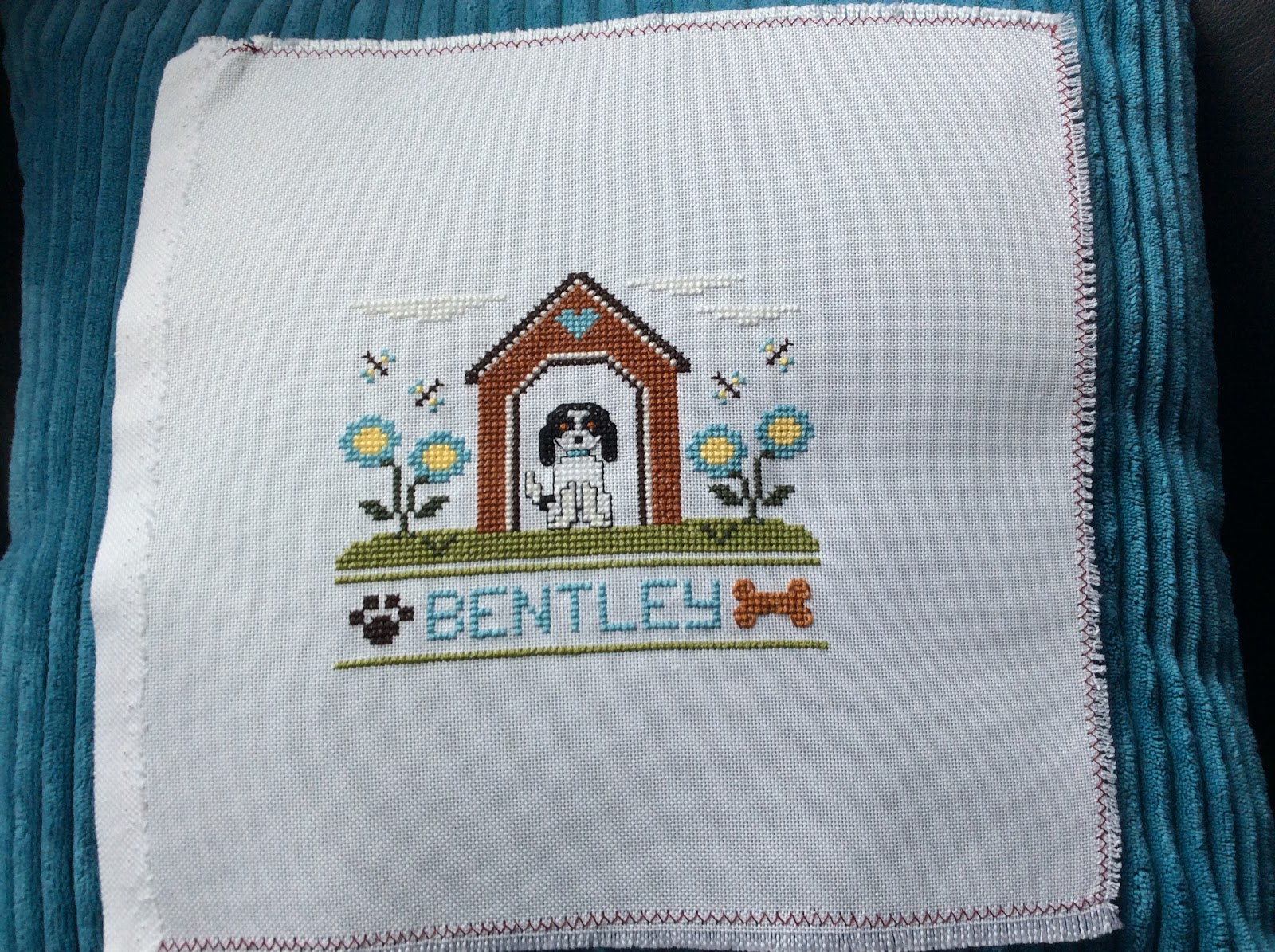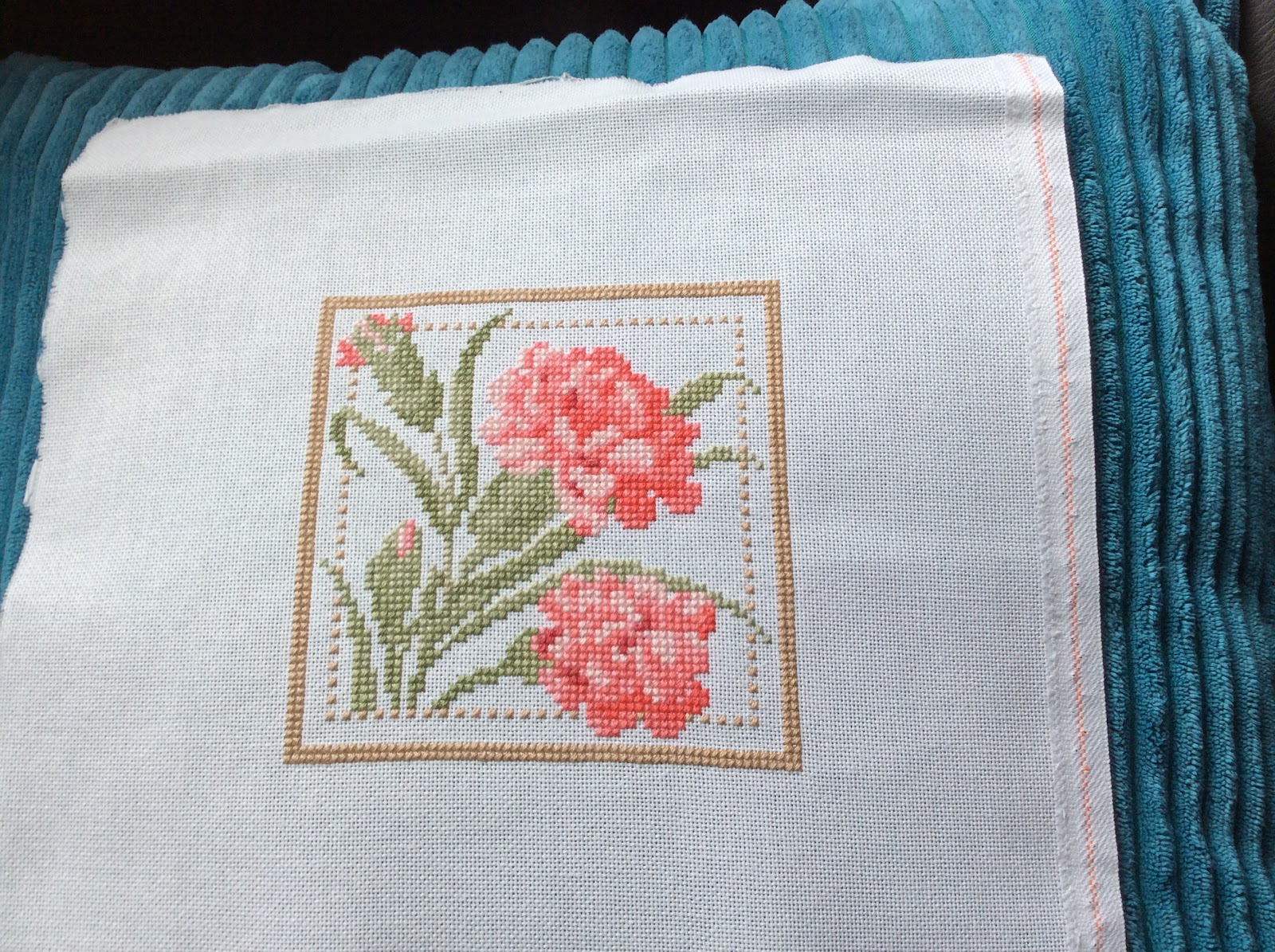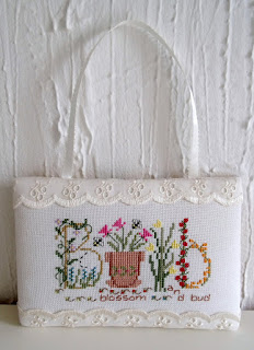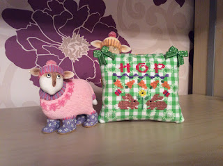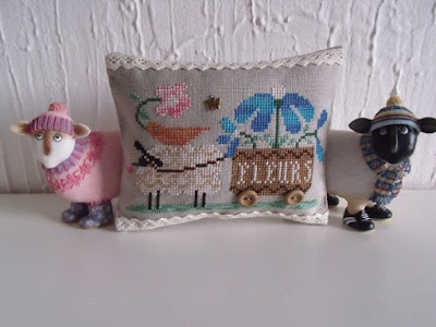 Before I kitted up my new start I decided to stitch the Hop Squared design by Lizzie Kate that I had just bought. As I was looking through my stash for a backing fabric I came across this pretty green one and I thought maybe I could have a go at stitching the design on this. I had a piece of waste canvas that I bought about 15 year ago and had never used. I was rather anxious and worried that it would be all wonky when I took the pins off but I'm (blushing) really rather pleased with myself. I spent Friday night making it up into this little pillow.
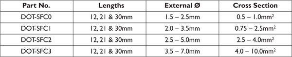 The DOT Slim Fix Clip (DOT-SFC) unites the optimal combination of a secure fit and high flexibility during the marking process. The unique clip mechanism offers the security of a closed marker and the rapid fitting of an open marker in one. DOT Slim Fix Clip is available in four different sizes and in 12mm, 21mm and 30mm lengths. Very long number combinations are possible, depending on the tag length. The DOT-SFC - Slim Fix Clips features and benefits: • Halogen-free material with flammability rating V2 • Slim marker with compensating device for secure fitting • Clip mechanism enables secure fitting even after the cable is connected • Rapid fitting without the use of additional tools • Four sizes for wire cross-sections from 0.5mm2 to 10.0mm2 • Available in 12mm, 21mm and 30mm lengths • Temperature range -40˚C to +100˚C • Additional marking space for exact project allocation • Pre-Printed DOT-SFC Slim Fix Clip markers available on request, laser-printed according • to individual requirements ![]() ![]() ![]()
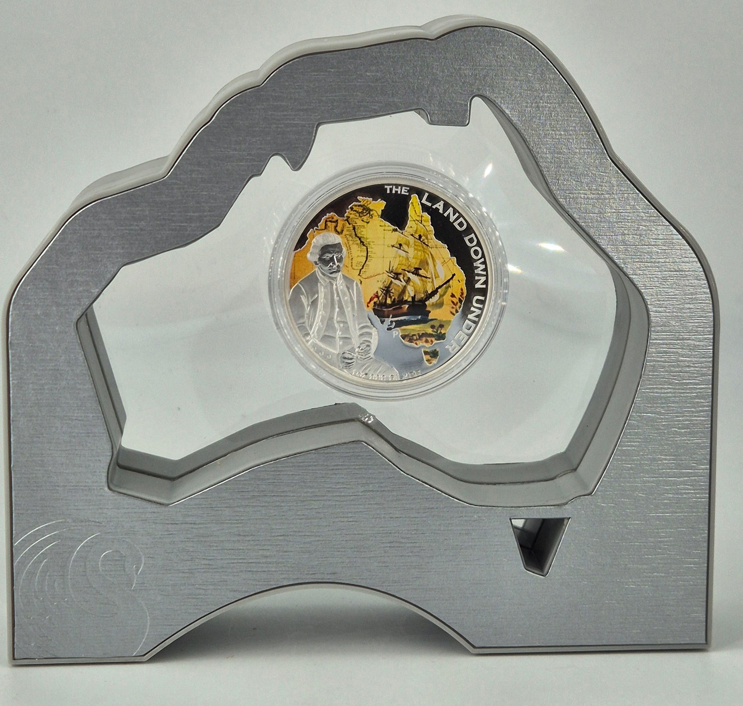 This 2013 1oz silver proof coin from the Perth Mint features a coloured depiction of early European exploration in Australia. Part of The Land Down Under series, it honors the nation's historical roots.
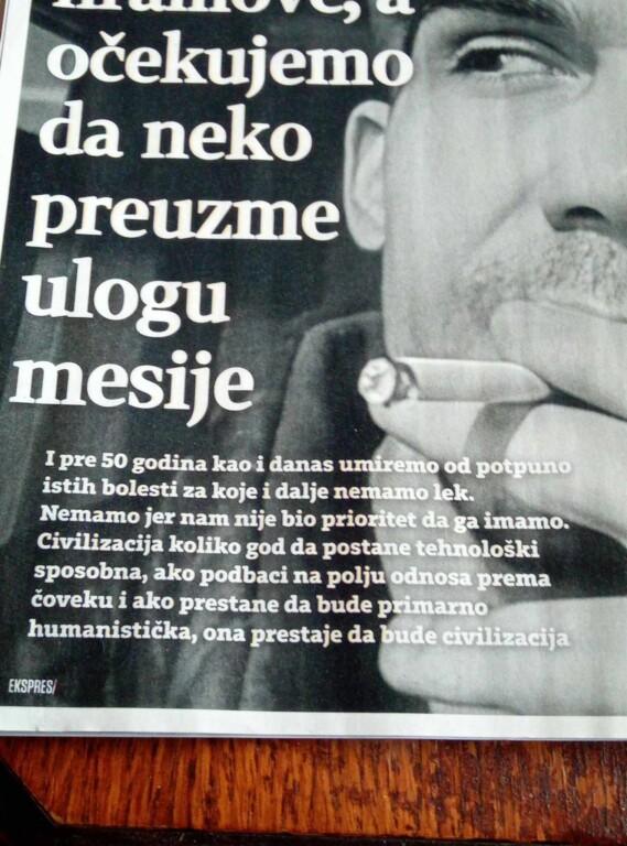 „I pre 50 godina i danas umiremo od potpuno istih bolesti za koje i dalje nemamo lek. Nemamo jer nam nije bio prioritet da ga imamo. Civilizacija koliko god da postane tehnološki napredna, ako podbaci na polju prema čoveku i ako prestane da bude primarno humanistička, onda prestaje da bude civilizacija.“ (iz intervjua)
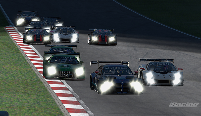 UNIZONE最終戦の中で最後のレースとなるスプリントレース⑤。スーパー耐久シリーズの富士24時間レースを連想させるようなナイトセッションの中、フルリバースグリッドでレースがスタートした。先頭でスタートを切った小山選手(群馬ダイヤモンドペガサス)を、東京ヴェルディレーシングの佐々木選手と木村選手が1周目のアドバンヘアピンで攻略し、チーム1-2体制を築く。
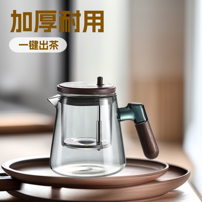 高硼硅玻璃喝水杯 简约家用木扣单层杯 办公室待客耐热玻璃喝茶杯
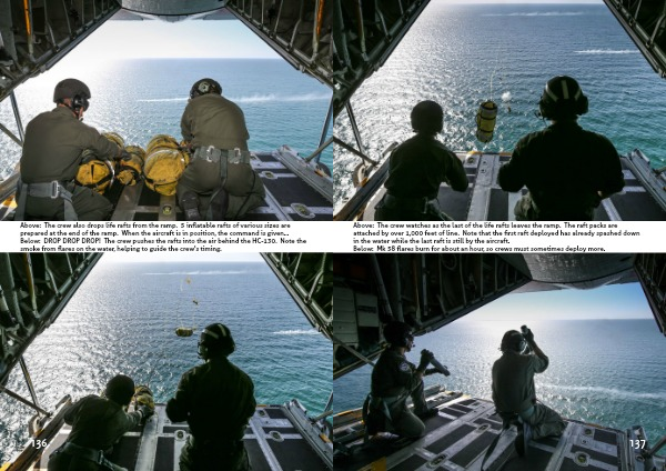 Below: DROP DROP DROP! The crew pushes the rafts into the air behind the HC-130. Note the smoke from flares on the water, helping to guide the crew's timing.
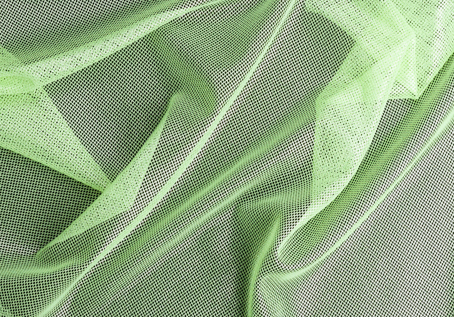 A high-end couture polyester mesh knit, fresh cucumber green, drapey, and finished with a metallic silver glimmer - perfect for a frisky wrap dress or a cowl-neck top. Made in Italy. 70% poliamide, 20% polyester, and 10% lycra blend. 53" wide.
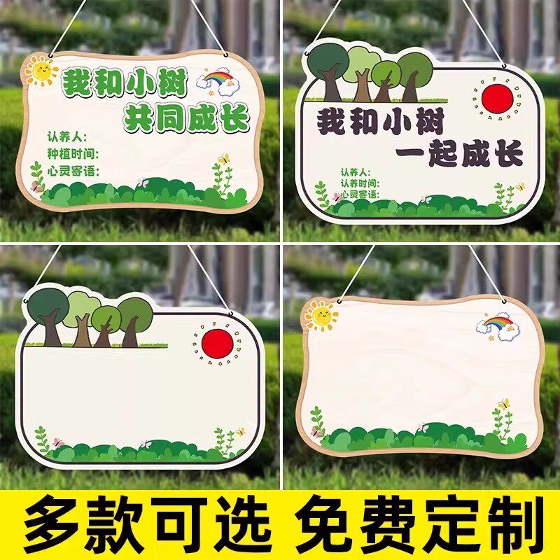 📚 植树节挂牌树木认养牌空白手写diy装饰挂牌标签牌小学幼儿园学校植树节活动树牌我和小树一起成长寄语牌定制
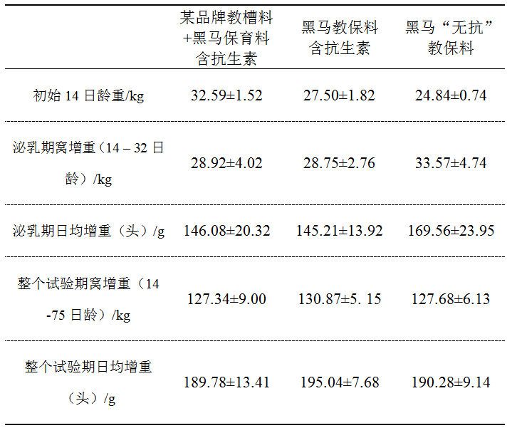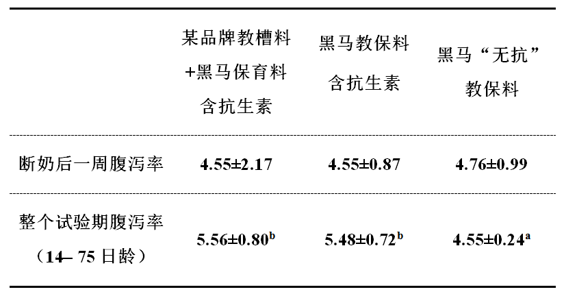 此試驗結果表明:黑馬無抗教槽料、保育料在乳仔豬生長性能、腹瀉率指標上的表現可以達到現有同類含抗生素產品,甚至在保育期控制腹瀉率上明顯優于含抗生素產品。
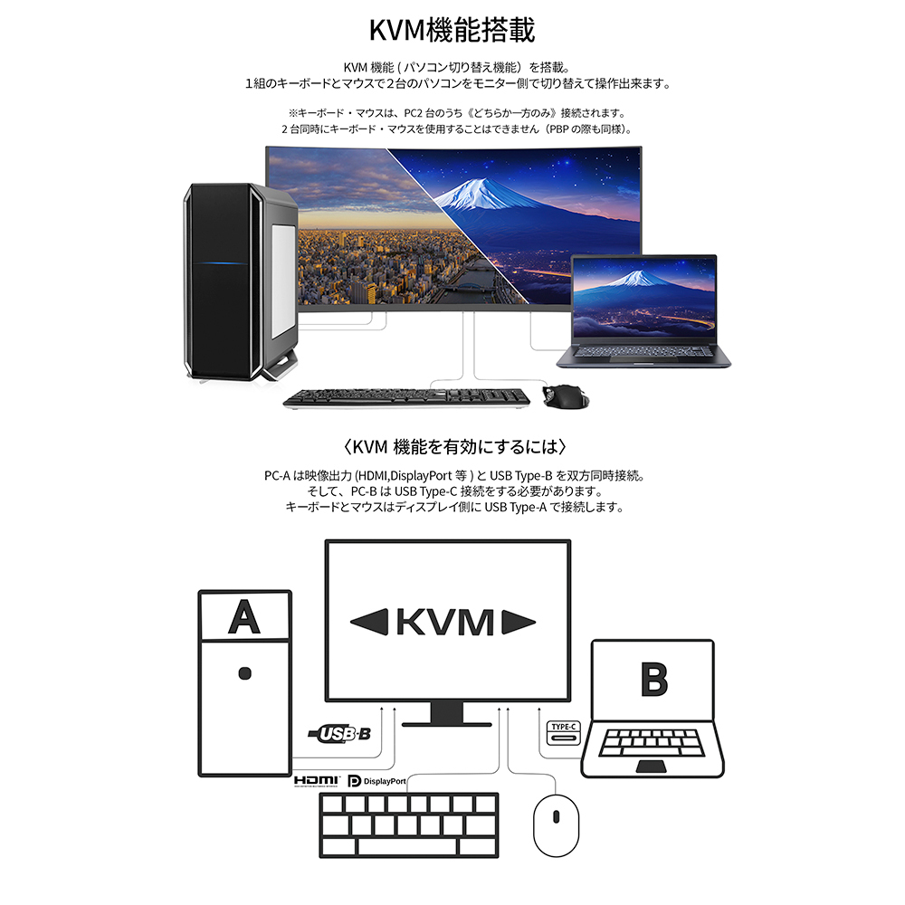 KVM機能は、モニターに接続したキーボード、マウスをデスクトップPCやUSB Type-C接続のノートPCで入力を切り替えた際にもそのまま使用可能です。
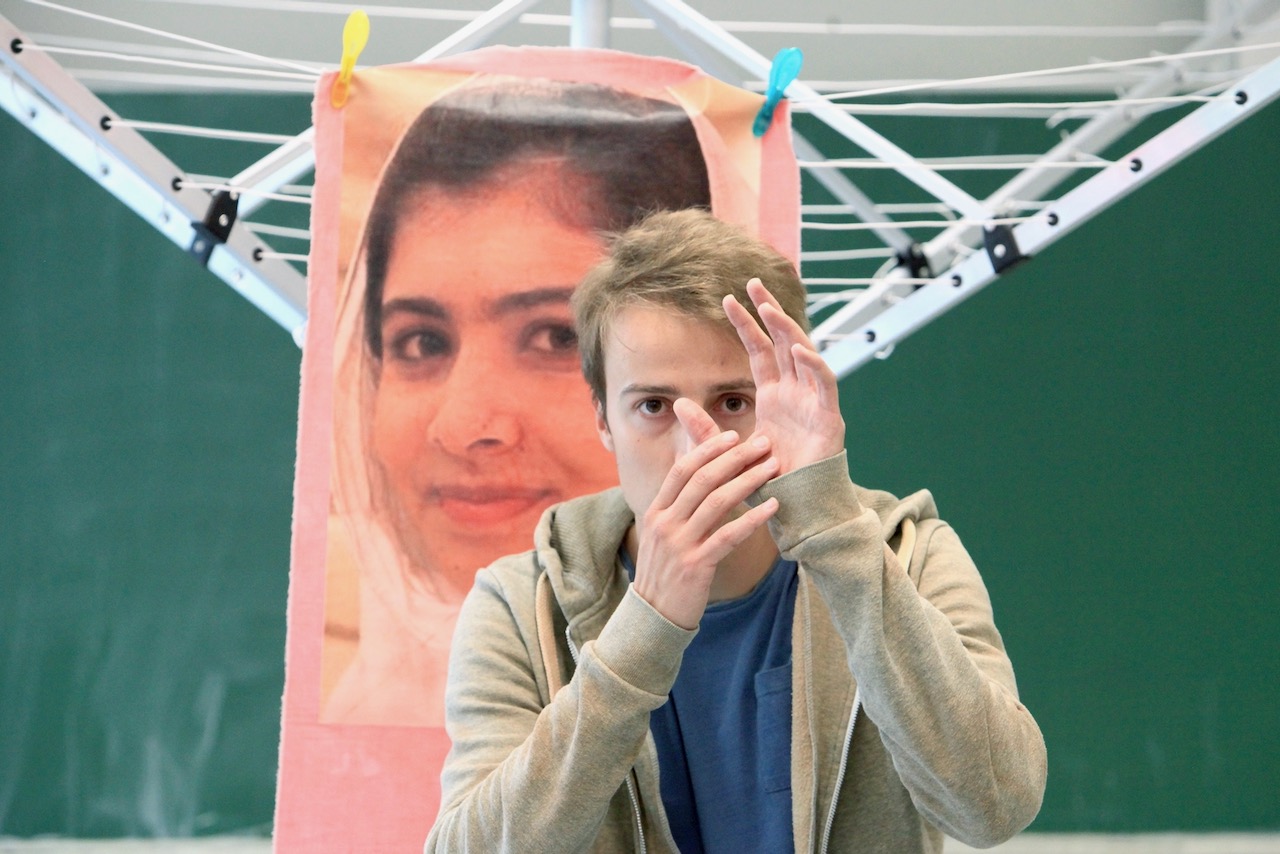 Am 18.12.19 wurde den Klassen 7a und 7b das Theaterstück „Malala-Mädchen mit Buch“ vorgespielt. Geschrieben hat das Stück Nick Wood. Luca Zahn vom Theater Lindenhof war der einzige Schauspieler. Er verkörperte jede Rolle, die im Stück vorkam. Die Geschichte, die im Stück gezeigt wird, beruht auf wahren Begebenheiten. Sie wurde mit einer Szene am Infoschalter eingeführt. Später wurde von Malalas Heimat Pakistan erzählt. Als Bühnenbild wurde ein Wäscheständer benutzt, auf dem nach und nach immer mehr Tücher mit Bildern aufgehängt wurden. So konnte man sich noch mehr in die Geschichte hineinversetzen.

# # # #

What to work on » From the material above, output every line exactly as written, dropping any picture.

Final answer »
 Before I kitted up my new start I decided to stitch the Hop Squared design by Lizzie Kate that I had just bought. As I was looking through my stash for a backing fabric I came across this pretty green one and I thought maybe I could have a go at stitching the design on this. I had a piece of waste canvas that I bought about 15 year ago and had never used. I was rather anxious and worried that it would be all wonky when I took the pins off but I'm (blushing) really rather pleased with myself. I spent Friday night making it up into this little pillow.
 The DOT Slim Fix Clip (DOT-SFC) unites the optimal combination of a secure fit and high flexibility during the marking process. The unique clip mechanism offers the security of a closed marker and the rapid fitting of an open marker in one. DOT Slim Fix Clip is available in four different sizes and in 12mm, 21mm and 30mm lengths. Very long number combinations are possible, depending on the tag length. The DOT-SFC - Slim Fix Clips features and benefits: • Halogen-free material with flammability rating V2 • Slim marker with compensating device for secure fitting • Clip mechanism enables secure fitting even after the cable is connected • Rapid fitting without the use of additional tools • Four sizes for wire cross-sections from 0.5mm2 to 10.0mm2 • Available in 12mm, 21mm and 30mm lengths • Temperature range -40˚C to +100˚C • Additional marking space for exact project allocation • Pre-Printed DOT-SFC Slim Fix Clip markers available on request, laser-printed according • to individual requirements ![]() ![]() ![]()
 This 2013 1oz silver proof coin from the Perth Mint features a coloured depiction of early European exploration in Australia. Part of The Land Down Under series, it honors the nation's historical roots.
 „I pre 50 godina i danas umiremo od potpuno istih bolesti za koje i dalje nemamo lek. Nemamo jer nam nije bio prioritet da ga imamo. Civilizacija koliko god da postane tehnološki napredna, ako podbaci na polju prema čoveku i ako prestane da bude primarno humanistička, onda prestaje da bude civilizacija.“ (iz intervjua)
 UNIZONE最終戦の中で最後のレースとなるスプリントレース⑤。スーパー耐久シリーズの富士24時間レースを連想させるようなナイトセッションの中、フルリバースグリッドでレースがスタートした。先頭でスタートを切った小山選手(群馬ダイヤモンドペガサス)を、東京ヴェルディレーシングの佐々木選手と木村選手が1周目のアドバンヘアピンで攻略し、チーム1-2体制を築く。
 高硼硅玻璃喝水杯 简约家用木扣单层杯 办公室待客耐热玻璃喝茶杯
 Below: DROP DROP DROP! The crew pushes the rafts into the air behind the HC-130. Note the smoke from flares on the water, helping to guide the crew's timing.
 A high-end couture polyester mesh knit, fresh cucumber green, drapey, and finished with a metallic silver glimmer - perfect for a frisky wrap dress or a cowl-neck top. Made in Italy. 70% poliamide, 20% polyester, and 10% lycra blend. 53" wide.
 📚 植树节挂牌树木认养牌空白手写diy装饰挂牌标签牌小学幼儿园学校植树节活动树牌我和小树一起成长寄语牌定制
 此試驗結果表明:黑馬無抗教槽料、保育料在乳仔豬生長性能、腹瀉率指標上的表現可以達到現有同類含抗生素產品,甚至在保育期控制腹瀉率上明顯優于含抗生素產品。
 KVM機能は、モニターに接続したキーボード、マウスをデスクトップPCやUSB Type-C接続のノートPCで入力を切り替えた際にもそのまま使用可能です。
 Am 18.12.19 wurde den Klassen 7a und 7b das Theaterstück „Malala-Mädchen mit Buch“ vorgespielt. Geschrieben hat das Stück Nick Wood. Luca Zahn vom Theater Lindenhof war der einzige Schauspieler. Er verkörperte jede Rolle, die im Stück vorkam. Die Geschichte, die im Stück gezeigt wird, beruht auf wahren Begebenheiten. Sie wurde mit einer Szene am Infoschalter eingeführt. Später wurde von Malalas Heimat Pakistan erzählt. Als Bühnenbild wurde ein Wäscheständer benutzt, auf dem nach und nach immer mehr Tücher mit Bildern aufgehängt wurden. So konnte man sich noch mehr in die Geschichte hineinversetzen.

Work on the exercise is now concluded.